> **Task brief**
Please give back each entry below unaltered, leaving the pictures out.
============
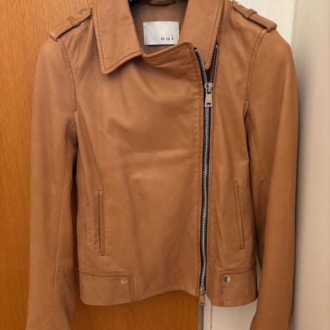 Cristelle & Co nahkatakki, koko 34. Ruskea naisten takki, jossa vino etuvetoketju ja leveä kaulus. Päällinen on nahkaa ja sisäpuolella pehmeä vuori. Hihoissa resorit.
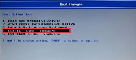 5、插入U(xiǎn)盤啟動盤,重啟時(shí)不停的按下f12,打開Boot Manager,選擇USB HDD回車從U盤啟動,如下圖所示;
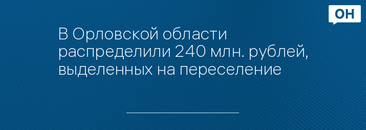 В Орловской области распределили 240 млн. рублей, выделенных на переселение
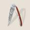 Couteau ultra léger en acier inoxydable Z40C13, finition titane gris. Lame avec cran de sécurité de type 'liner lock' décorée d'une fine gravure au laser. Clip de ceinture. Manche en Bois Corail.
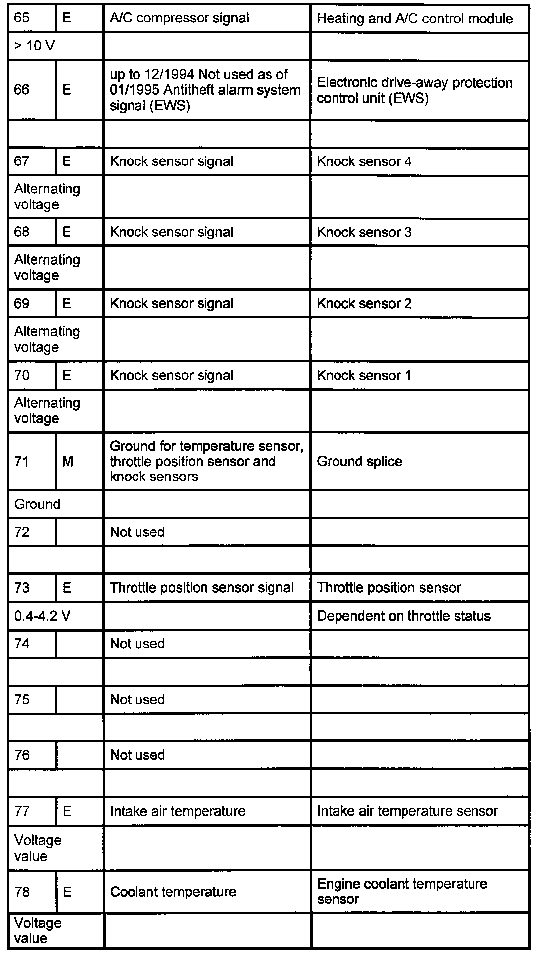 Pin Assignments 65-78:
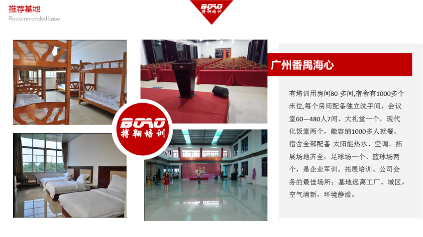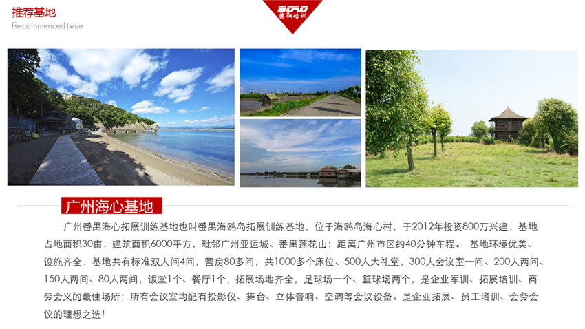 廣州番禺海心拓展訓練基地也叫番禺海鷗島拓展訓練基地,位于海鷗島海心村,于2012年投資800萬興建,基地占地面積30畝,建筑面積6000平方,毗鄰廣州亞運城、番禺蓮花山;距離廣州市區(qū)約40分鐘車程。 基地環(huán)境優(yōu)美、設(shè)施齊全,基地共有標準雙人間4間,營房80多間,共1000多個床位、500人大禮堂,300人會議室一間、200人兩間、150人兩間、80人兩間,飯?zhí)?個、餐廳1個,拓展場地齊全,足球場一個、籃球場兩個,是企業(yè)軍訓、拓展培訓、商務(wù)會義的最佳場所;所有會議室均配有投影儀、舞臺、立體音響、空調(diào)等會議設(shè)備。是企業(yè)拓展、員工培訓、會務(wù)會議的理想之選!
============
> **Task solution**
 Cristelle & Co nahkatakki, koko 34. Ruskea naisten takki, jossa vino etuvetoketju ja leveä kaulus. Päällinen on nahkaa ja sisäpuolella pehmeä vuori. Hihoissa resorit.
 5、插入U(xiǎn)盤啟動盤,重啟時(shí)不停的按下f12,打開Boot Manager,選擇USB HDD回車從U盤啟動,如下圖所示;
 В Орловской области распределили 240 млн. рублей, выделенных на переселение
 Couteau ultra léger en acier inoxydable Z40C13, finition titane gris. Lame avec cran de sécurité de type 'liner lock' décorée d'une fine gravure au laser. Clip de ceinture. Manche en Bois Corail.
 Pin Assignments 65-78:
 廣州番禺海心拓展訓練基地也叫番禺海鷗島拓展訓練基地,位于海鷗島海心村,于2012年投資800萬興建,基地占地面積30畝,建筑面積6000平方,毗鄰廣州亞運城、番禺蓮花山;距離廣州市區(qū)約40分鐘車程。 基地環(huán)境優(yōu)美、設(shè)施齊全,基地共有標準雙人間4間,營房80多間,共1000多個床位、500人大禮堂,300人會議室一間、200人兩間、150人兩間、80人兩間,飯?zhí)?個、餐廳1個,拓展場地齊全,足球場一個、籃球場兩個,是企業(yè)軍訓、拓展培訓、商務(wù)會義的最佳場所;所有會議室均配有投影儀、舞臺、立體音響、空調(diào)等會議設(shè)備。是企業(yè)拓展、員工培訓、會務(wù)會議的理想之選!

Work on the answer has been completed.